Un an après l’investiture du gouvernement provincial dirigé par Paulin Lendongolia Lebabonga, l’heure est au constat. Et le tableau est sombre. Selon les résultats d’une deuxième enquête menée par l’Association des leaders intellectuels de la Grande Orientale, ILGO en sigle dirigée par le Professeur Groison-Trésor Kakumbi, la gestion de la Tshopo se caractérise par une dérive inquiétante, marquée par l’absence de leadership, le non-respect des engagements, et une gouvernance perçue comme chaotique
« Nous avons mené une enquête postérieure à la première qui portait déjà sur un échantillon de 5.000 personnes. C’est la cause noble de la Tshopo qui nous oblige à tirer la sonnette d’alarme », déclare le Pr Kakumbi.

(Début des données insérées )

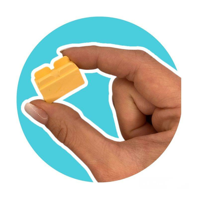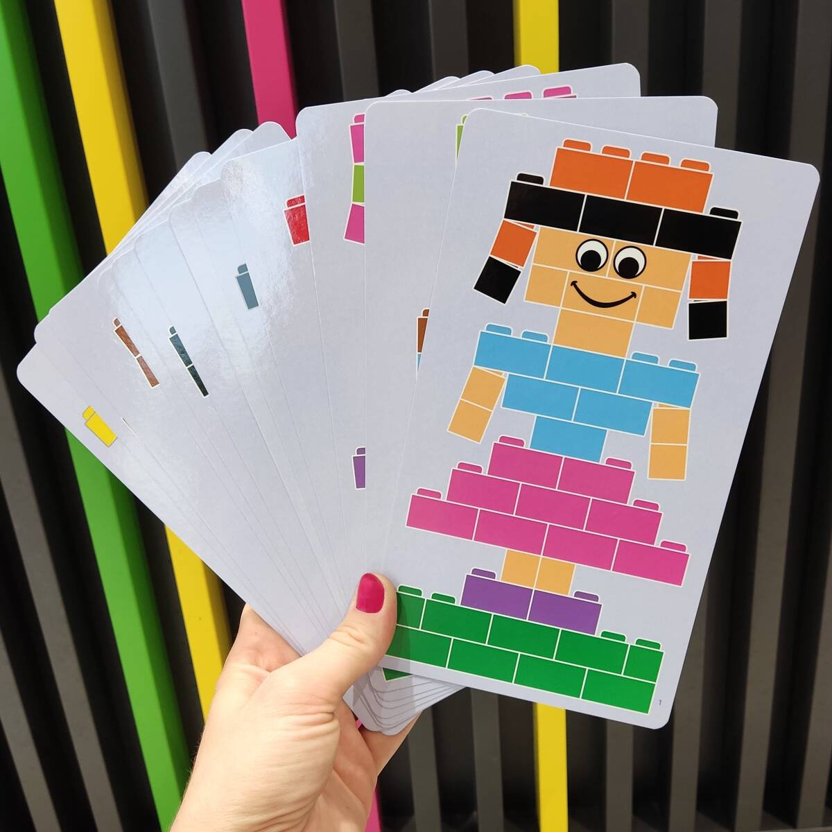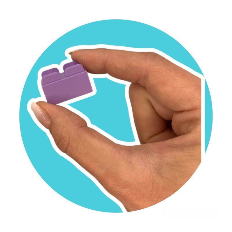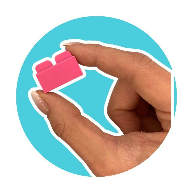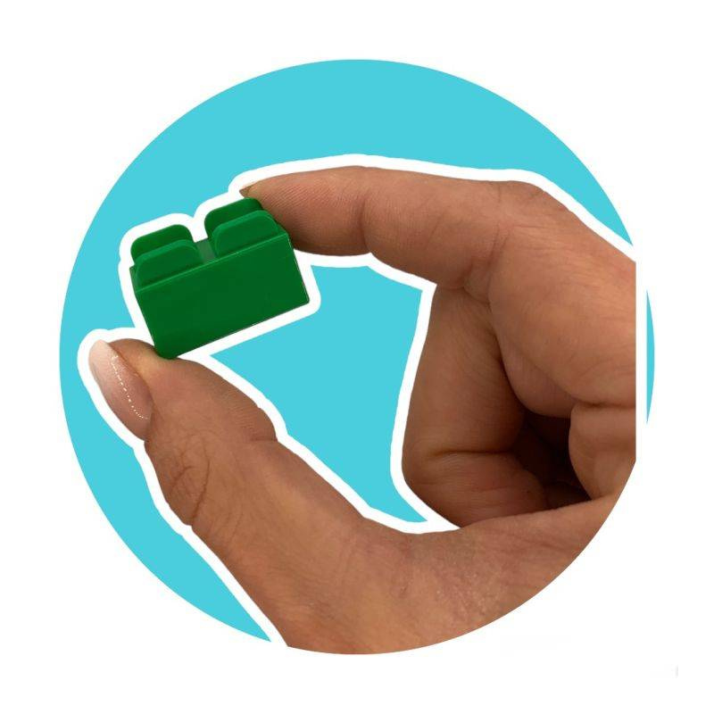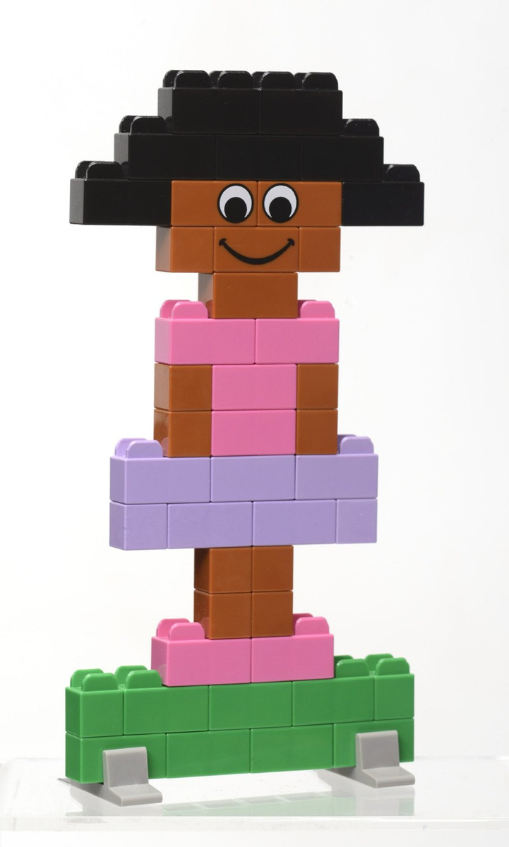 Co zawiera zestaw? 630 elementów w intensywnych kolorach, w tym klocki z oczami i buźkami, podstawki i ruchome części oraz 12 kart inspiracji.

Une gouvernance qui « patauge »
L’association dénonce l’écart flagrant entre le programme de gouvernement validé par l’Assemblée provinciale et la réalité sur le terrain. En une année, seulement 7 conseils des ministres ont été organisés, contre les 30 attendus sur la base d’un rythme hebdomadaire.
Cela traduit un manque de sérieux flagrant de la part du gouverneur, qui concentre tous les pouvoirs et même son absence, son adjoint ne peut tenir un conseil des ministre faute d’autorisation, chose qui donne image d’une centralisation outrée du pouvoir, même en son absence », poursuit le rapport.

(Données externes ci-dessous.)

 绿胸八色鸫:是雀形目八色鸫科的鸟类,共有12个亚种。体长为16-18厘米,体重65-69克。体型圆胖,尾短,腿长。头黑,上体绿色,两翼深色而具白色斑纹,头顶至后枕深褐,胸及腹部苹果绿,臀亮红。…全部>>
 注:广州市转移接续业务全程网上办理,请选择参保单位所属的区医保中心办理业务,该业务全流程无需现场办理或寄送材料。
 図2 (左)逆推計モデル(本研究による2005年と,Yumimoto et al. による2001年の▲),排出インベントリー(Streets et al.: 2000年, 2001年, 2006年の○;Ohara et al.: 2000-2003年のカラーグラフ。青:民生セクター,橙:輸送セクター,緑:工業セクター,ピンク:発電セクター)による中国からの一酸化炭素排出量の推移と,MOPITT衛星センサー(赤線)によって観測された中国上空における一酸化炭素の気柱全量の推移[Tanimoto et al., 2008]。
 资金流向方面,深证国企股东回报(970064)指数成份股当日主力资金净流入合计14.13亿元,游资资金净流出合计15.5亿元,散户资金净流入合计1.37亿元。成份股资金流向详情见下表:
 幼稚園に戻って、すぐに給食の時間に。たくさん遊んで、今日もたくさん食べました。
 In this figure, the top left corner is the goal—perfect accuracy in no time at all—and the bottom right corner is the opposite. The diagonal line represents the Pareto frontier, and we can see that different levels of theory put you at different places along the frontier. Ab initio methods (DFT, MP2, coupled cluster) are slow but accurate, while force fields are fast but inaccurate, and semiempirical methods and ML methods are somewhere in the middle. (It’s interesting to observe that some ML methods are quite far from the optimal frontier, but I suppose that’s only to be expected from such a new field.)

Le terme utilisé par l’équipe du Pr Kakumbi est frappant « démocrature », pour qualifier un système où l’apparence démocratique cache une gestion autoritaire et inefficace, sans redevabilité ni respect du bien commun.
Comparaison amère avec les provinces sœurs
Alors que les provinces voisines de l’ex-Grande Orientale connaissent des inaugurations régulières d’infrastructures, la Tshopo se contente de cérémonies de lancement sans suite.
Exemple pointé du doigt, la route Opala, pour laquelle 3.000
000 de dollars américains avaient été décaissés , à ce jour, aucune avancée concrète n’est constatée. « Tout stagne », déplore le rapport.
Un appel à la responsabilité
Face à cette situation préoccupante, l’Association appelle les institutions de contrôle en premier lieu, l’Assemblée Provinciale, la société civile et les citoyens à exiger des comptes. L’enjeu est grand, redonner à la Tshopo sa place de leader dans le développement de l’ex-Grande Orientale.
À Kisangani, à part les actions menées par le gouvernement central sur orientation du président de la République, Félix-Antoine Tshisekedi Tshilombo traduit dans le programme du gouvernement dirigé par la première ministre Judith Suminwa et grâce à la présence d’un membre du gouvernement et fils du terroir, Doudou Fwamba Likunde-Li-Botayi, la Tshopo serait entrain de clignoter au rouge.